Another problem with the Hall of Statistics is that even if we were to agree to such a thing, no one can agree which statistics are the most relevant.  For example, sometimes individual stats camouflage a player's complete value. I'm not saying Jack Morris is necessarily a Hall-of-Famer, but he completed 175 games in the DH era entirely in the American League, which is more than anyone except for Bert Blyleven. He also went at least 8 full innings in 241 starts (most of anyone during that span), almost half time he took the mound. There is value in being able to rest the bullpen once or twice a week. I don't know how much value statistically that ability has because there aren’t any statistics to measure it, but ask any Manny Acta-managed team how important that is when August and September roll around.  His teams routinely get out of the gate quickly because he likes to use his bullpen liberally as if each game is the 7th game of the World Series, but they fade badly late in the summer when his bullpen is tired and worn out.  Regardless, the voters won’t put Morris in because of his less than impressive ERA and ERA+.   So despite the fact he gave his team innings that helped keep his teams’ bullpen fresh - by the way, Morris’ career ERA in the ninth inning of games was 2.78, which was his best mark of any inning by more than half a run - they won’t put him in.  But on the flip side, they also won’t vote for guys like Jose Rijo, who never finished higher than 4th in the Cy Young voting and only in the top 10 twice.  Why is that significant?  Because before he injured his arm in his final season, Jose Rijo had the lowest career ERA in the National League since Pete Alexander, at 2.63.  That’s lower than Bob Gibson, lower than Sandy Koufax, lower than Nolan Ryan, Steve Carlton, Warren Spahn, Tom Seaver and Greg Maddux.  His adjusted ERA (ERA+) of 147 during his healthy NL years would have been good enough for 5th best all-time.  And yet he never got close to being honored for his achievement.  Their reasoning for not giving him more Cy Young consideration?  He didn’t give his team enough innings.  

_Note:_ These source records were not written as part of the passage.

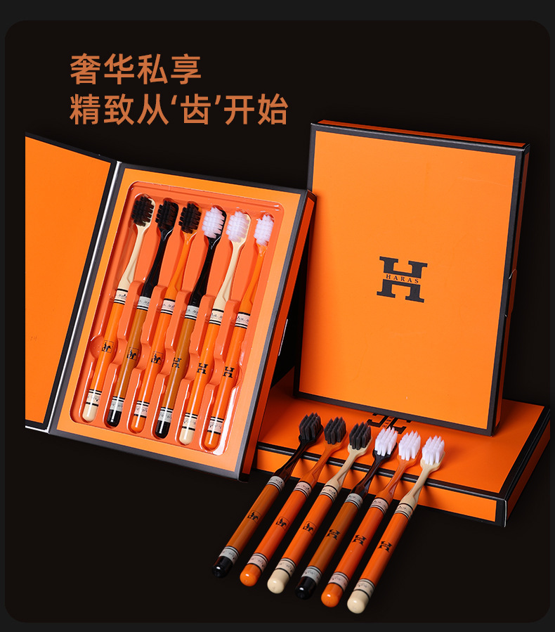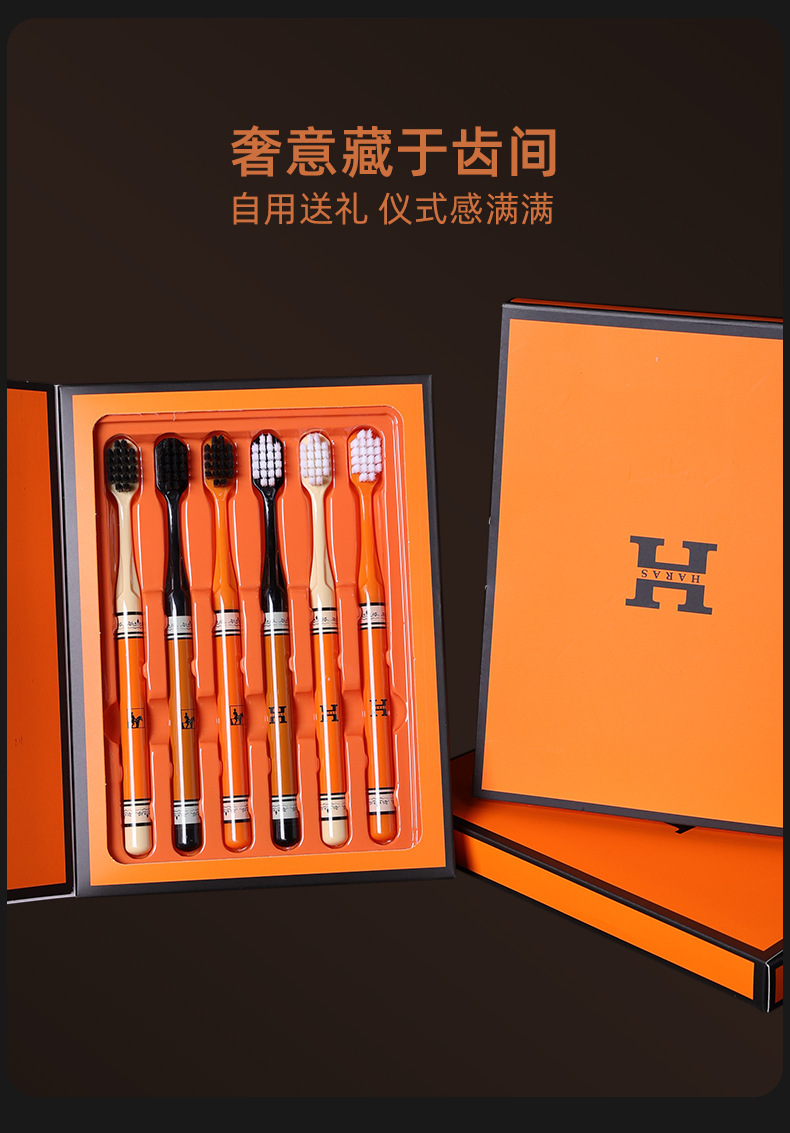 「轻奢颜值!6支装礼盒」高颜值宽头牙刷 成人家用旅行情侣细丝软毛牙刷口腔护理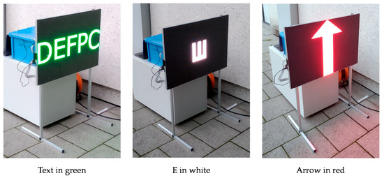 Figure 3 shows the three different content types displayed by the eHMI prototype during experiment 1 and experiment 2 (Figure 4). The text fulfills the ergonomic requirements (Section 3.2). In experiment 1, we chose to display four letters, since this number was easily readable from a distance of 88 m in a pre-test. In experiment 2, the eHMI displayed five letters (E, P, C, F, D). In both experiments, the eHMI displayed cryptic chunks of letters, so that it was hardly possible to guess the sequence of letters. To avoid the effect of varying legibility for different letters, the display showed the same letters for each participant, but in a randomized order. The letters were derived from one row of the Snellen chart. In addition to text, the prototype also displayed two types of symbols. The arrow and the “E” from the E chart were visualized in four degrees of rotation (0°, 90°, 180°, 270°) such that the limbs of the E and the arrow tip were pointing up, down, to the left, or to the right. The content size is defined throughout this article as the height of the text or the height of the arrow and the E in the orientation given in Figure 3. Even if the arrow is rotated by 90°, its size is the distance from the end of the arrow to its tip.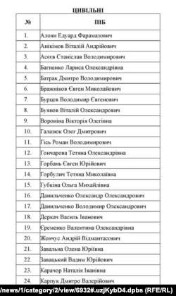Служба безпеки України опублікувала список звільнених у рамках обміну на Донбасі громадян України. У ньому – 12 військових і 64 цивільних, всього 76 громадян.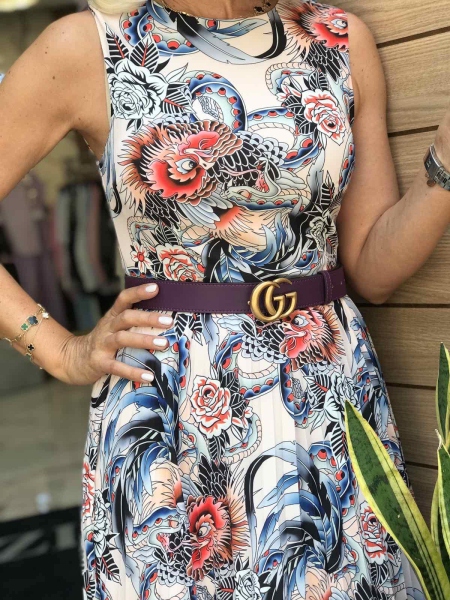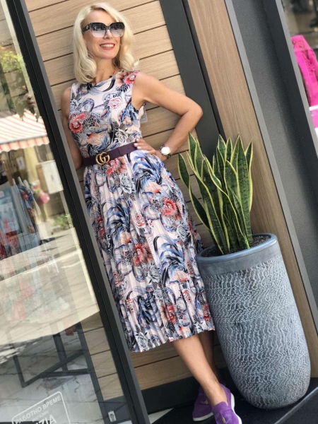 Рокля с цветни мотиви със солей пола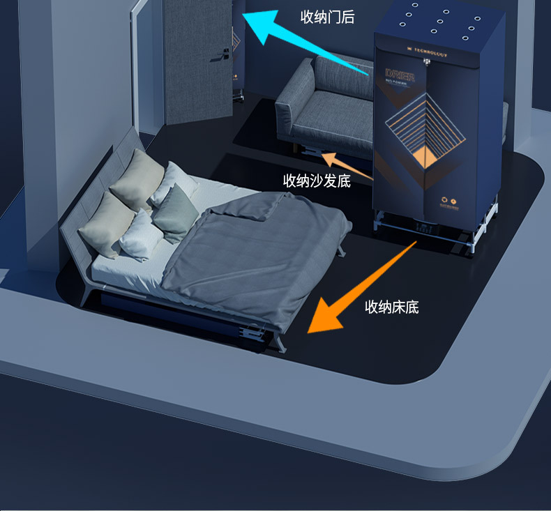 접이식 1920W 소형 더블 레이어 [7키 음이온 + 자외선 진드기 제거 및 살균] 블루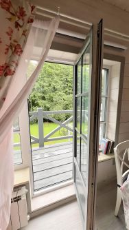 На территории участка есть гостевой дом, он сдаётся и находится в отдалении.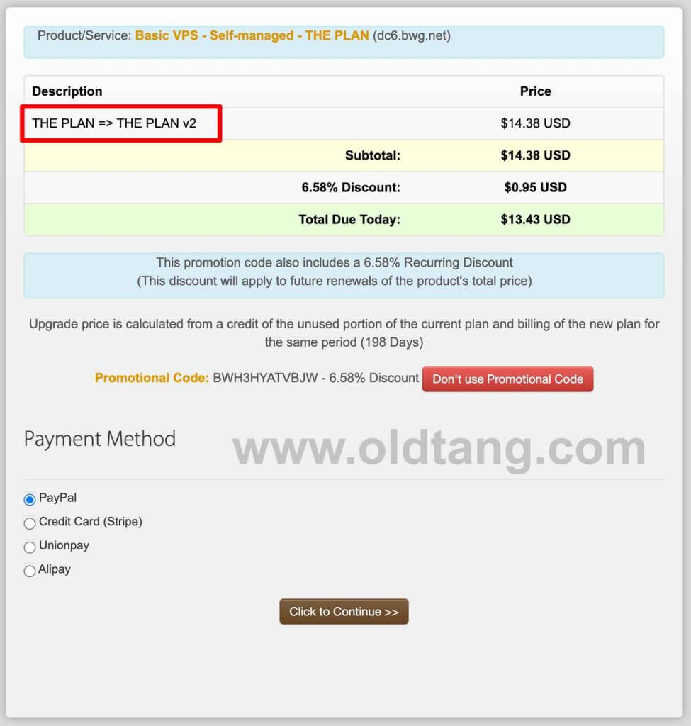 除此之外,还可以更换优惠力度更大的优惠码,参考《搬瓦工升级套餐时可以使用优惠码或者更换力度更大的优惠码》。

Suggesting that all players can be evaluated competently using only stats is like suggesting that all dishes made with chicken and rice are the same, that the spices don’t matter.  Sure, you get sustenance from eating any one of them but it doesn’t take a gourmand to know that jambalaya, chicken biryani, chicken tikka massala, hunan chicken, chicken béarnaise, chicken teriyaki, kabob-e joojeh and paella are significantly different.  There’s still a lot of flavor in baseball we don’t completely understand and we’ll miss out on how important it is if we only focus on the rice.